Stored items:
***

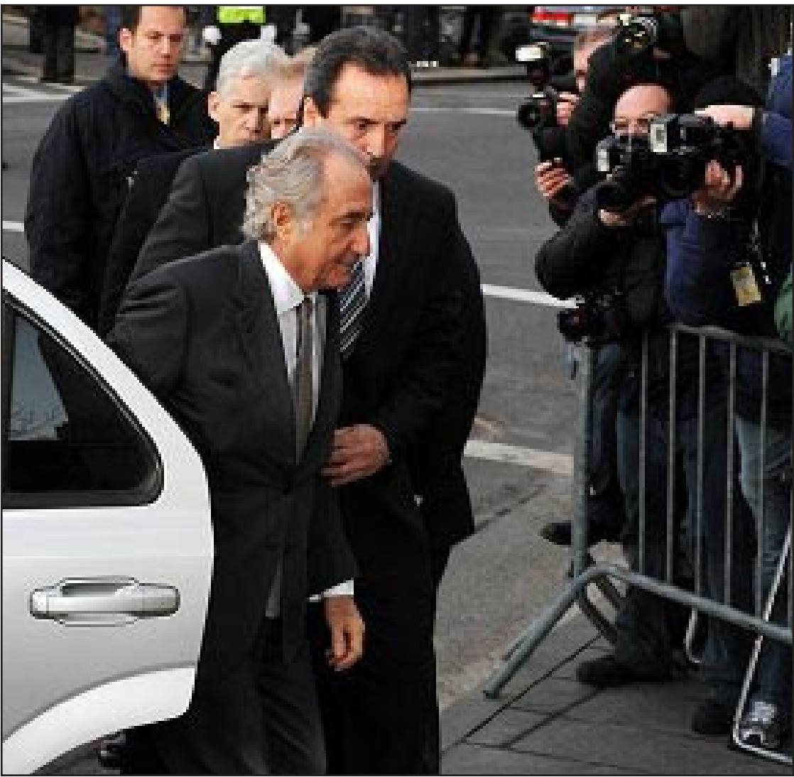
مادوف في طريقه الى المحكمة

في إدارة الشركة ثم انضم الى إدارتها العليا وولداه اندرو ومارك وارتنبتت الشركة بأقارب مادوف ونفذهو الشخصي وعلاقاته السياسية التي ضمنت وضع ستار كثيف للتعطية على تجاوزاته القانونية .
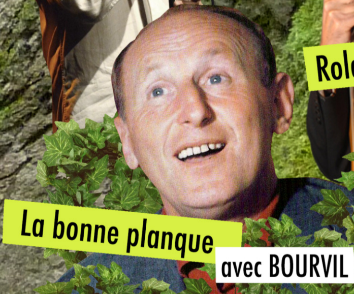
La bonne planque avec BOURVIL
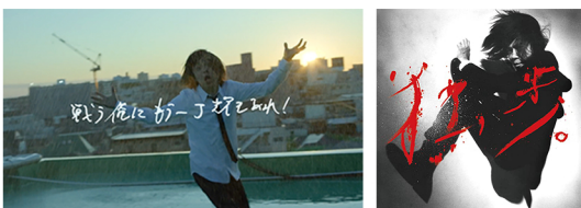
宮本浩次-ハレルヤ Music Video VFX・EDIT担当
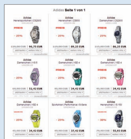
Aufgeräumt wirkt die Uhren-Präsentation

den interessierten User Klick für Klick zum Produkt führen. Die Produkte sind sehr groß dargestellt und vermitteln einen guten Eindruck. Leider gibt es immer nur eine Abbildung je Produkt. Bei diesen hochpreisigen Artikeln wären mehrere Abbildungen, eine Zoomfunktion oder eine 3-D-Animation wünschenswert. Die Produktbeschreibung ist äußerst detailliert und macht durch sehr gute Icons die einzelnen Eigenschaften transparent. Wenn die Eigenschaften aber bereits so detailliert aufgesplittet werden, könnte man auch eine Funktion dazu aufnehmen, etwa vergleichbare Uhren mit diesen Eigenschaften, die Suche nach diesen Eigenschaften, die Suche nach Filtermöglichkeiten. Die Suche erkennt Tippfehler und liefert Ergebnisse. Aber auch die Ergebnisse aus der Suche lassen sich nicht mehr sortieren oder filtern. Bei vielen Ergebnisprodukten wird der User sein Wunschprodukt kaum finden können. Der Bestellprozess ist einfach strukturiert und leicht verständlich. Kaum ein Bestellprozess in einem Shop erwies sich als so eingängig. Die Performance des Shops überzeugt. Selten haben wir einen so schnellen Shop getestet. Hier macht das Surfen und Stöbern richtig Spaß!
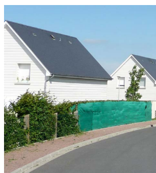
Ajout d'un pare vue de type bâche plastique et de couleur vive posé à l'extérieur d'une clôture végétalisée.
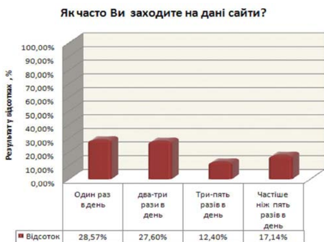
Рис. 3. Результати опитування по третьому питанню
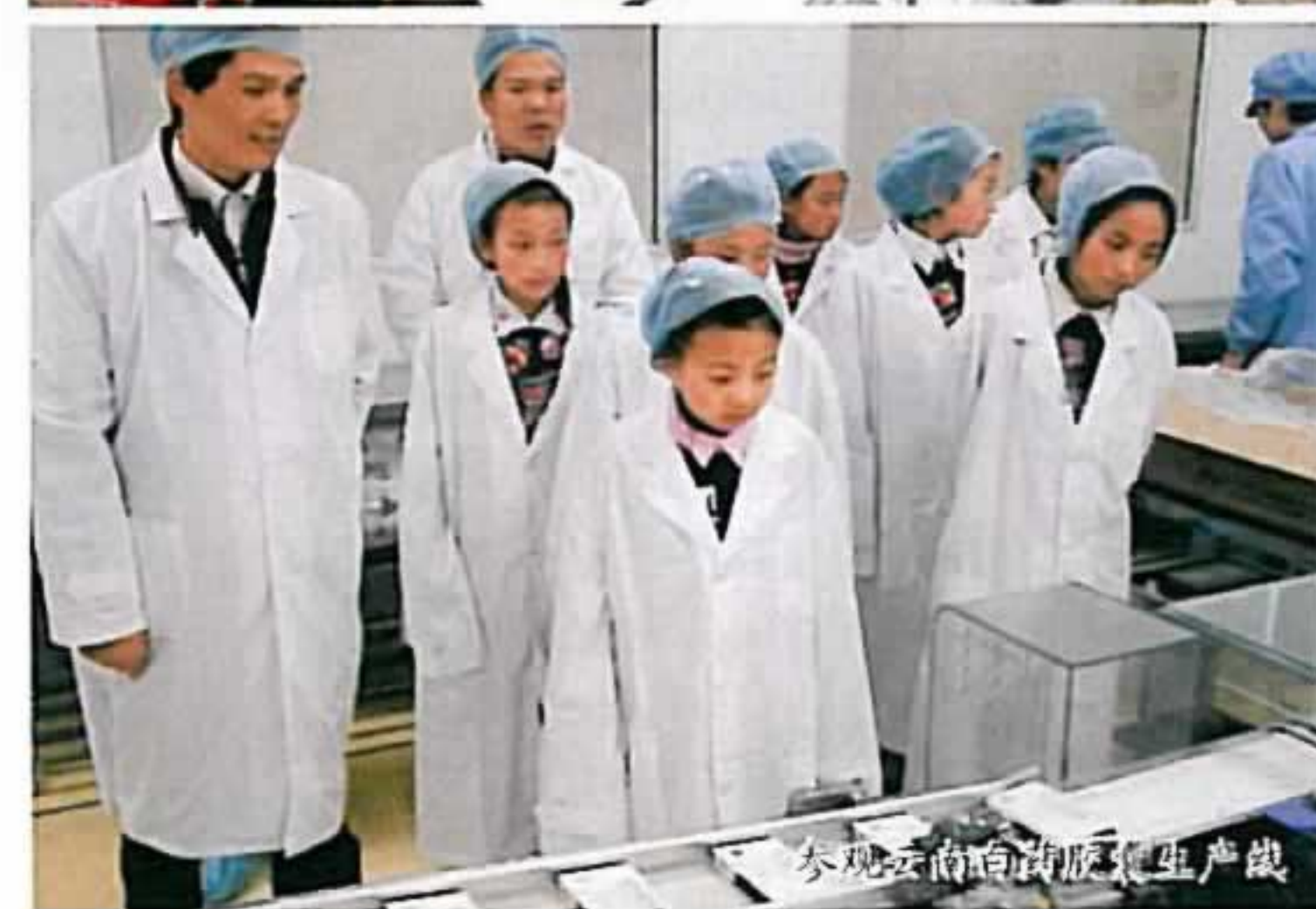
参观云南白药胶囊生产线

***

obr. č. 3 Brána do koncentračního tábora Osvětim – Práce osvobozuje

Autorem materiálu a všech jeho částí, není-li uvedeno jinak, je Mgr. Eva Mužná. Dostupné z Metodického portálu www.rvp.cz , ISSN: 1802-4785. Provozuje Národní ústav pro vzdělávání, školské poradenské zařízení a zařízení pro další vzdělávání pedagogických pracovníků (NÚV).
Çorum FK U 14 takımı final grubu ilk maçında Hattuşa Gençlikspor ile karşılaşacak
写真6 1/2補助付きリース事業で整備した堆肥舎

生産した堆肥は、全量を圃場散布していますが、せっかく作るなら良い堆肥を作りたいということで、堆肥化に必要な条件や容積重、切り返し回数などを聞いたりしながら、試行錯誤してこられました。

***

Wherever the word "مادوف" turns up in a line of the entries above, copy that line.

## Expected answer
مادوف في طريقه الى المحكمة
في إدارة الشركة ثم انضم الى إدارتها العليا وولداه اندرو ومارك وارتنبتت الشركة بأقارب مادوف ونفذهو الشخصي وعلاقاته السياسية التي ضمنت وضع ستار كثيف للتعطية على تجاوزاته القانونية .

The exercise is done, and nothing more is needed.